## Excerpted data
......
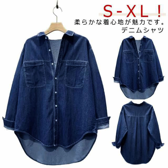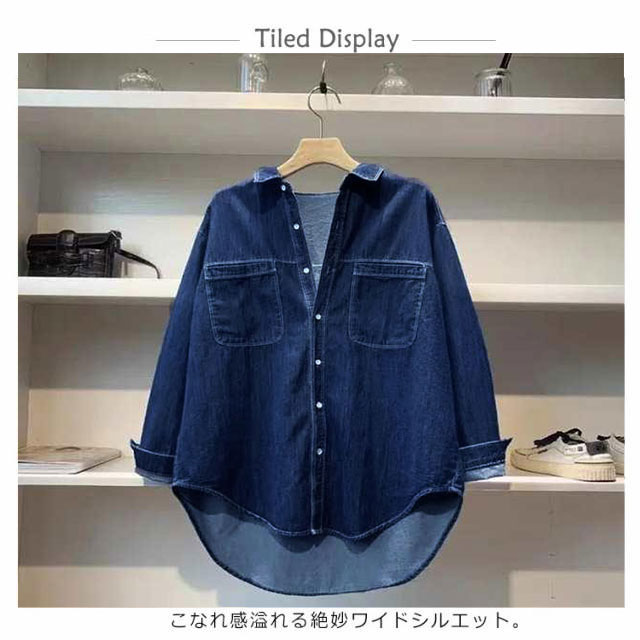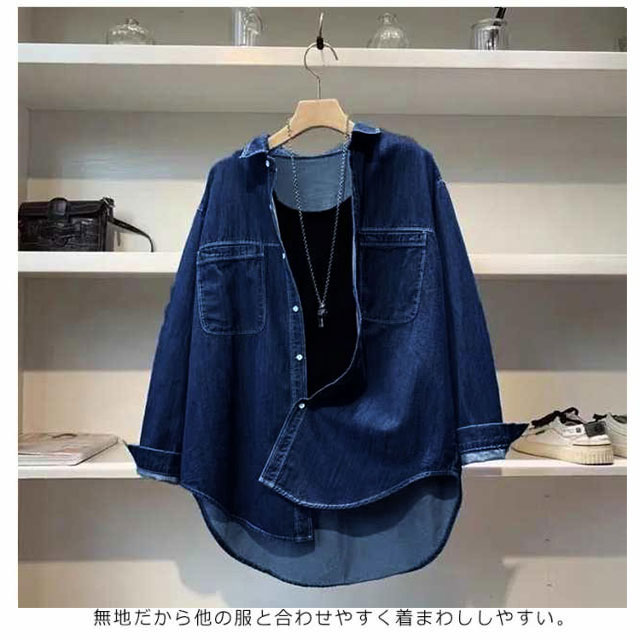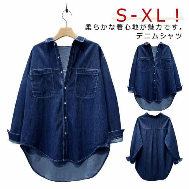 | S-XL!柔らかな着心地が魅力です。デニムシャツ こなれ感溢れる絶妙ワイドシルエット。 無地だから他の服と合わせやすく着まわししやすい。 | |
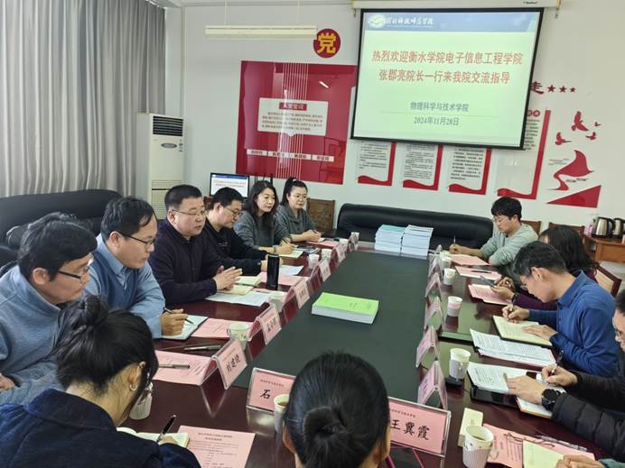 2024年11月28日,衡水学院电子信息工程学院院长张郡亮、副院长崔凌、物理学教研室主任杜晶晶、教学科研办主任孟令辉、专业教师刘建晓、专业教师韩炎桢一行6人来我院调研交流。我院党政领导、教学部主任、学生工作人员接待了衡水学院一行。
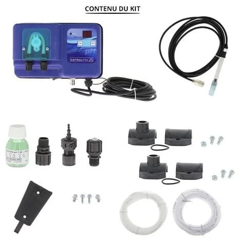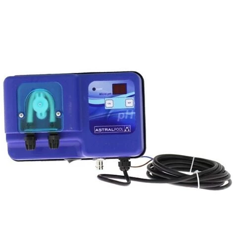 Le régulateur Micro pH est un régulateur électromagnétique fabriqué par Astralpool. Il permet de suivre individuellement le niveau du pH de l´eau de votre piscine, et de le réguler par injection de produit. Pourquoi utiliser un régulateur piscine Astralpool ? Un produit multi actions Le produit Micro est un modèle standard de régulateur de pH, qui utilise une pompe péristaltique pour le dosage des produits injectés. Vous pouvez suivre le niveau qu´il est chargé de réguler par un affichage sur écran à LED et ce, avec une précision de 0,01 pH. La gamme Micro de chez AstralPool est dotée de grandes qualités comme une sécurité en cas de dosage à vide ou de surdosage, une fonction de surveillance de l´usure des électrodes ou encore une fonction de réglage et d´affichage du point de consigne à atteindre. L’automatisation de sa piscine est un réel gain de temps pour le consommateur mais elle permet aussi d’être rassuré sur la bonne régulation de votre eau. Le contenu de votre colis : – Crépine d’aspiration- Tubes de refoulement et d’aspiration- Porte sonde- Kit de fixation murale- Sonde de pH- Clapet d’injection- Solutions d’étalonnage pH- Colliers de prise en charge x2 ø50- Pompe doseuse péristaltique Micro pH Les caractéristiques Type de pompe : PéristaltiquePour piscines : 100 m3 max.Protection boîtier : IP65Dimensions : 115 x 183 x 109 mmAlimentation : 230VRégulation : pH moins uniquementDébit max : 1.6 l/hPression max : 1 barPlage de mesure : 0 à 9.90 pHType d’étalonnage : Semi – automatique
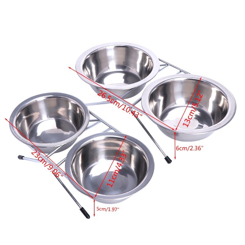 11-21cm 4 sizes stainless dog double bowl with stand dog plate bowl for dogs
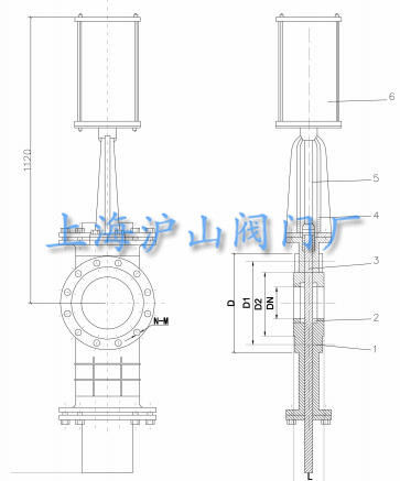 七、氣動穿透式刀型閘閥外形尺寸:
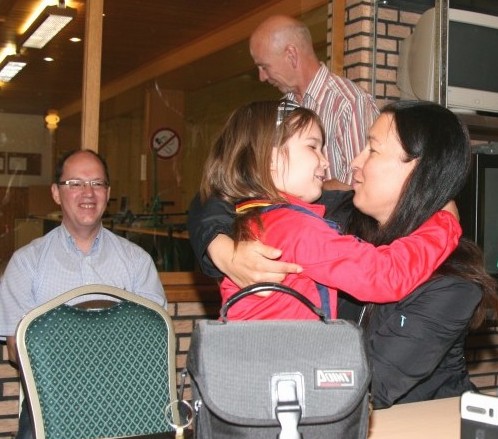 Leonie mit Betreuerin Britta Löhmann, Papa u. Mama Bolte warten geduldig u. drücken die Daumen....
......
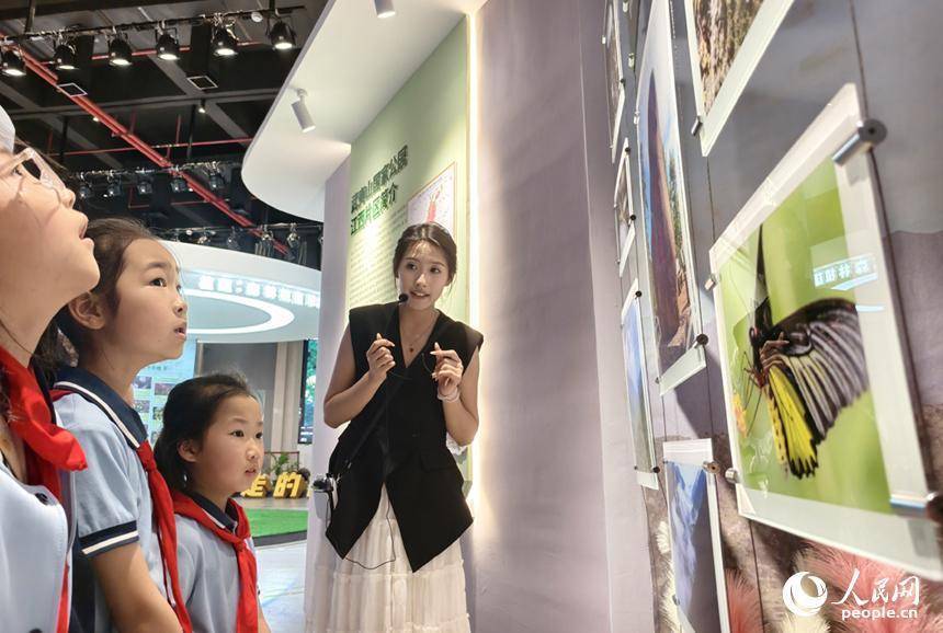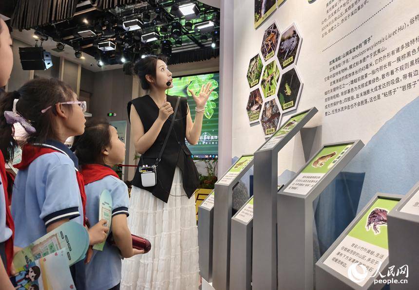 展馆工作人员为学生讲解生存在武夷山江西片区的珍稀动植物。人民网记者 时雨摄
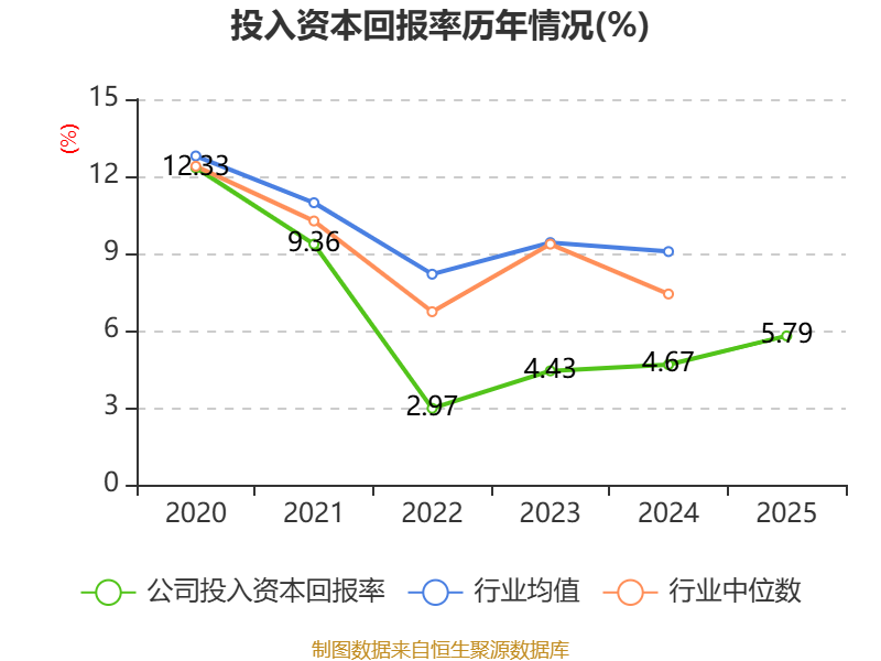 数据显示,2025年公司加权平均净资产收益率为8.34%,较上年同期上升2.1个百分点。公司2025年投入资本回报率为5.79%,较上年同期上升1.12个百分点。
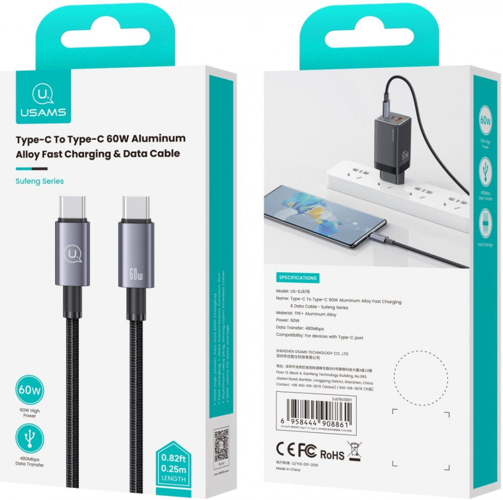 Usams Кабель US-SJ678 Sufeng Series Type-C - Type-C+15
......
The material above holds pictures; leave them out. Repeat exactly the lines from the one containing "数据显示,2025年公司加权" through the one containing "Usams Кабель US-SJ678", and nothing else.

 数据显示,2025年公司加权平均净资产收益率为8.34%,较上年同期上升2.1个百分点。公司2025年投入资本回报率为5.79%,较上年同期上升1.12个百分点。
 Usams Кабель US-SJ678 Sufeng Series Type-C - Type-C+15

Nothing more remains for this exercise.